I'm not sure how people seem to think they fit the fluff. The Imperium allowed the Squats to operate autonomously and have their own religion. To make matters even worse, the Squats were on good relations with several alien races. They had the more STC templates than the Imperium. They only allowed the Adeptus Mechanicus limited access to the Imperium technology they had, which the Squats perfectly maintained. On top of that, the Squats' own technology is far more advanced than almost anything else. When the Squats and Space Marines did fight, the Squats inflicted such massive casualties to them the Space Marines had to develop an entirely new set of power armor. The Orks found the Squats to be such good fighters they decided trading them was better than fighting them, which is literally the opposite reaction Orks should have.
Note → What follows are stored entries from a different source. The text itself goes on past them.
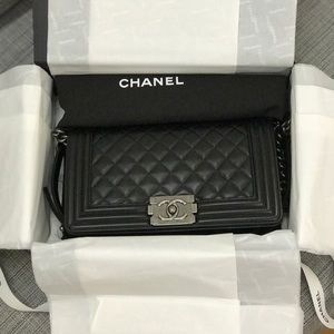 NWT Chanel medium boy bag. Black lamb skin with receipt.
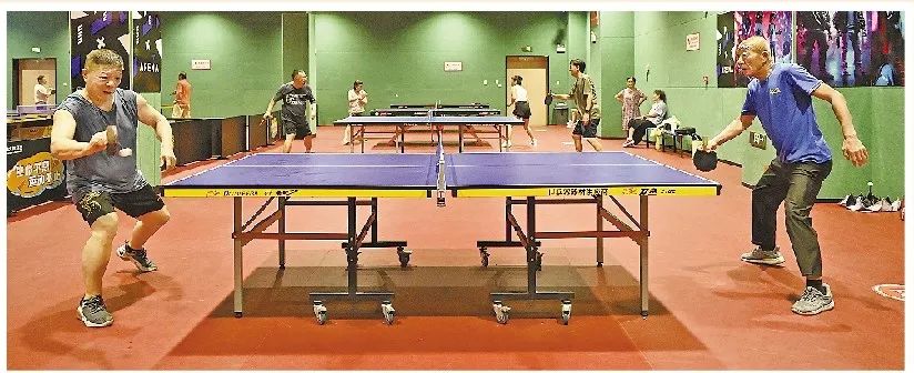 安徽省合肥市庐阳区海棠街道,市民在健身中心打乒乓球。赵明 摄(影像中国)
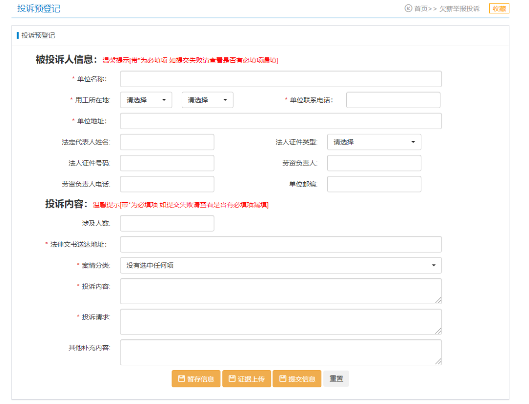 3、登录账号→按要求填写举报投诉信息内容保存提交。举报投诉提交成功后,省监察信息系统开始计算举报投诉受理时间。匿名举报不需注册。
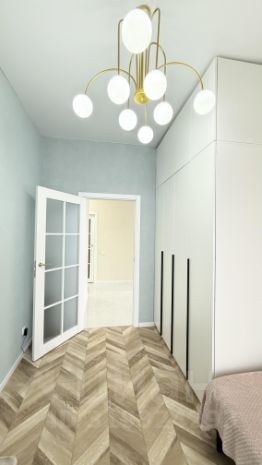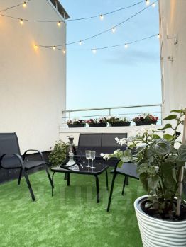 Квартира представляет собой два этажа. Ремонт выполнен в современном классическом стиле. На первом этаже расположены две оборудованные спальни, стены в одной выполнены из декоративной штукатурки, во второй окрашенны, с акцентом на фреску на одной стене, на полу качественный ламинат. Кухня-гостиная с окрашенными стенами, стена кухонной зоны из гибкого мрамора, полы- керамогранит. и просторный санузел 5м2. с использованием керамогранита и декоративной штукатурки. Потолки в квартире высотой 3,0м - натяжные с точечным светом и люстрами.
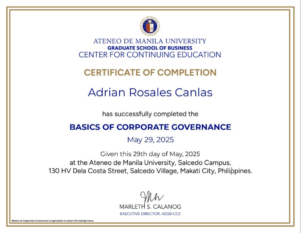 ANNUAL CORPORATE GOVERNANCE REPORT FOR 2024
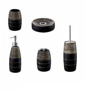 Стакан для зубных щеток. Произведено из керамики. Цвет черный. Рельефная поверхность с рисунком.
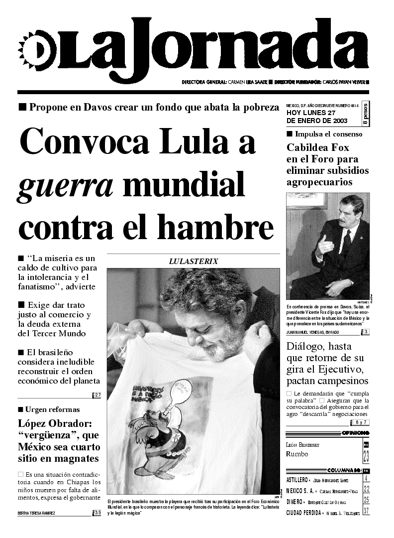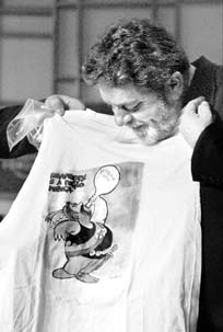 El presidente brasileño muestra la playera que recibió tras su participación en el Foro Económico Mundial, en la que lo comparan con el personaje francés de historieta. La leyenda dice: ``Lulásterix y la legión mágica'' FOTO AFP
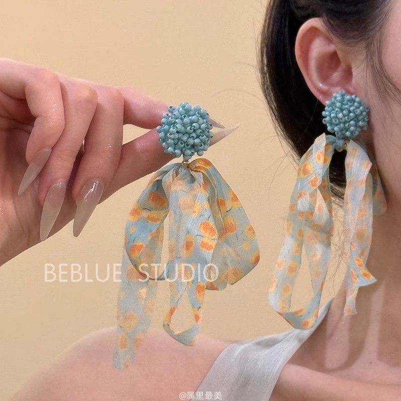 波波里晩風 ~ カラードーパミン布芸ビーズイヤリング女性ピアス海辺リゾート風独特イヤリングアクセサリー

The Squats were one of the most technologically advanced races out at that time. Outside literally worshipping the Chaos gods, they did everything they possibly could that would normally get any other world the Imperium encountered wiped out. Despite being primarily miners and technicians, they easily dominated the Orks, Eldar, and Space Marines in combat, even beyond the normal expectation for a race's own fluff. They are also the only race, beyond early Tau lore, that has absolutely no negative traits.


----------



## Doelago (Nov 29, 2009)

Matheau said:


> The Orks found the Squats to be such good fighters they decided trading them was better than fighting them, which is literally the opposite reaction Orks should have.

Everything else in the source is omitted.